More than a dozen property owners calling themselves The Hogg Hummock Community Ordinance Draft Coalition prepared the proposal. The draft calls for limiting structures to a 1,400-square-foot footprint and a single story not to exceed 18 feet in height. Interior steps would be prohibited under the ordinance.
Sapelo’s Gullah Geechee are descendants of enslaved West Africans brought to work the barrier island’s plantations in the early 1800s. Their ancestral home, Hogg Hummock, is considered the last intact Gullah Geechee community along the American coastline. More than two dozen Gullah Geechee still live full-time on Sapelo and make up the majority of the island’s population.
The proposed ordinance is meant to “preserve the historic district’s character” and could be considered as early as Tuesday, when the McIntosh County Commission holds its monthly meeting. Another commission meeting specifically pertaining to Sapelo development has been announced for Feb. 20.
At that meeting, the commission will consider extending a 30-day moratorium on building permits, enacted on Jan. 22, according to a public notice published Friday.
Credit: Adam Van Brimmer/AJC
Credit: Adam Van Brimmer/AJC
The zoning activities come in the wake of a Jan. 20 citizens-led referendum that repealed a 2023 ordinance change. That revision more than doubled the allowable square footage of homes built on the island. Voters approved the repeal by an overwhelming 85% margin, prompting the commission to meet two days later.
At that meeting, a majority of commissioners vowed to support ordinance language favored by the Gullah Geechee. Commissioner Roger Lotson, whose district includes Sapelo Island, called on residents to “communicate with us.”

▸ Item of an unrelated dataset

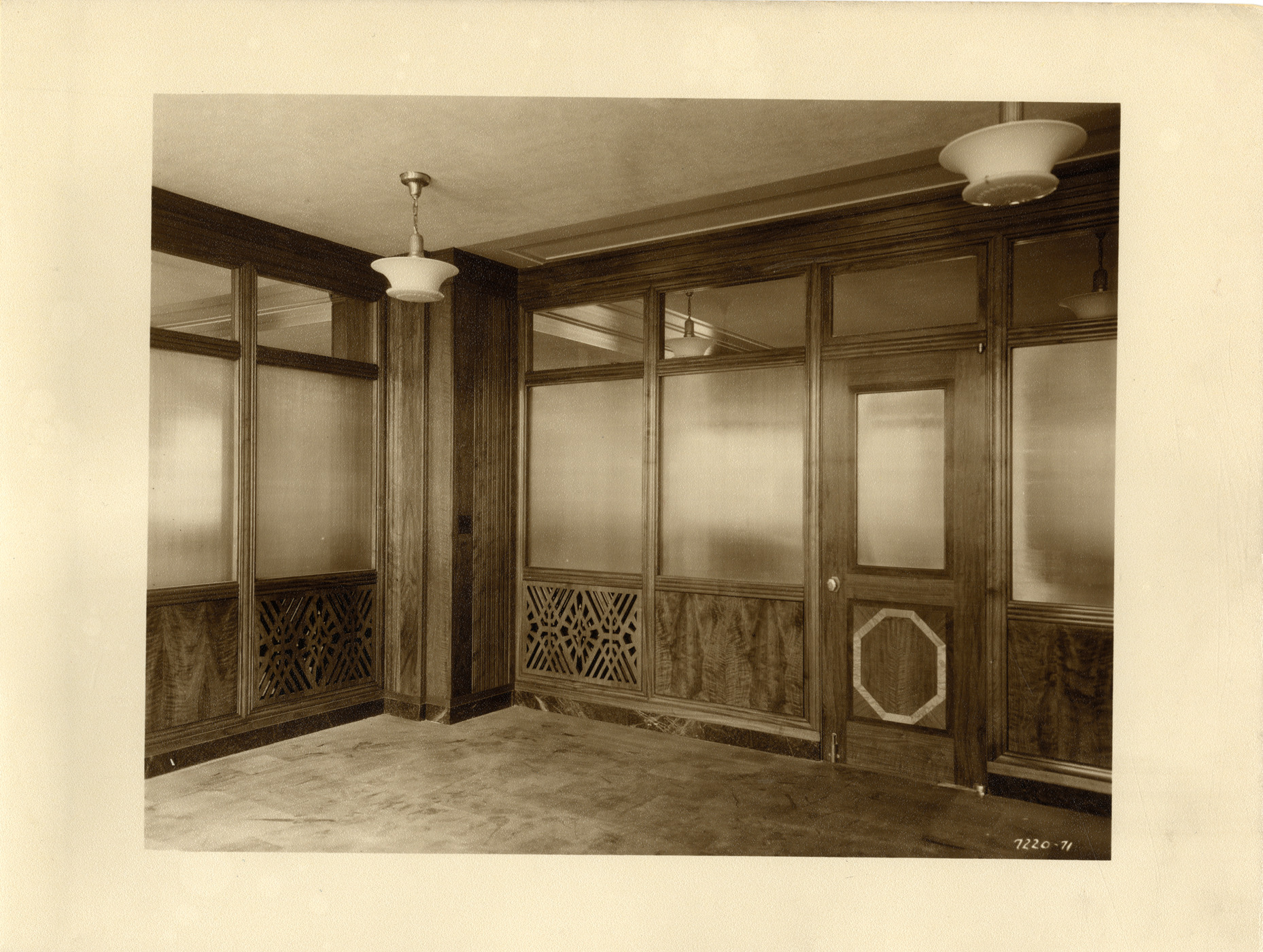 View of office partitions and door on the 11th floor of the Union Guardian Building. The building is also known as the Guardian Building and the Union Trust Building. Stamped on back: "Grossman Knowling Lehr, 400 Marquette Bldg., Detroit, Michigan. File number 71." Handwritten on back: "Office partitions, 11th floor."
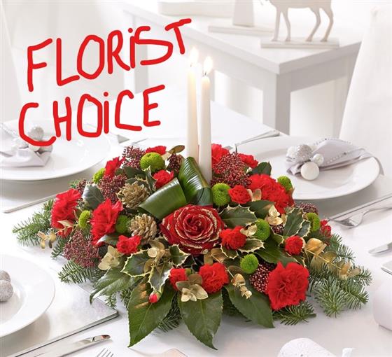 - Christmas - Florist Choice Christmas Table Arrangement with Candle

The Gullah Geechee’s ordinance proposal, e-mailed to all five county commissioners Monday morning, is in response to Lotson’s request. Contacted Monday, Lotson acknowledged he had received the draft ordinance and encouraged “all impacted by zoning on Sapelo to provide input into this process and to let their voices be heard during public hearings.”
Residents have not yet met with commissioners or county staff, although the county attorney has contacted a lawyer representing Sapelo’s Gullah Geechee about a discussion.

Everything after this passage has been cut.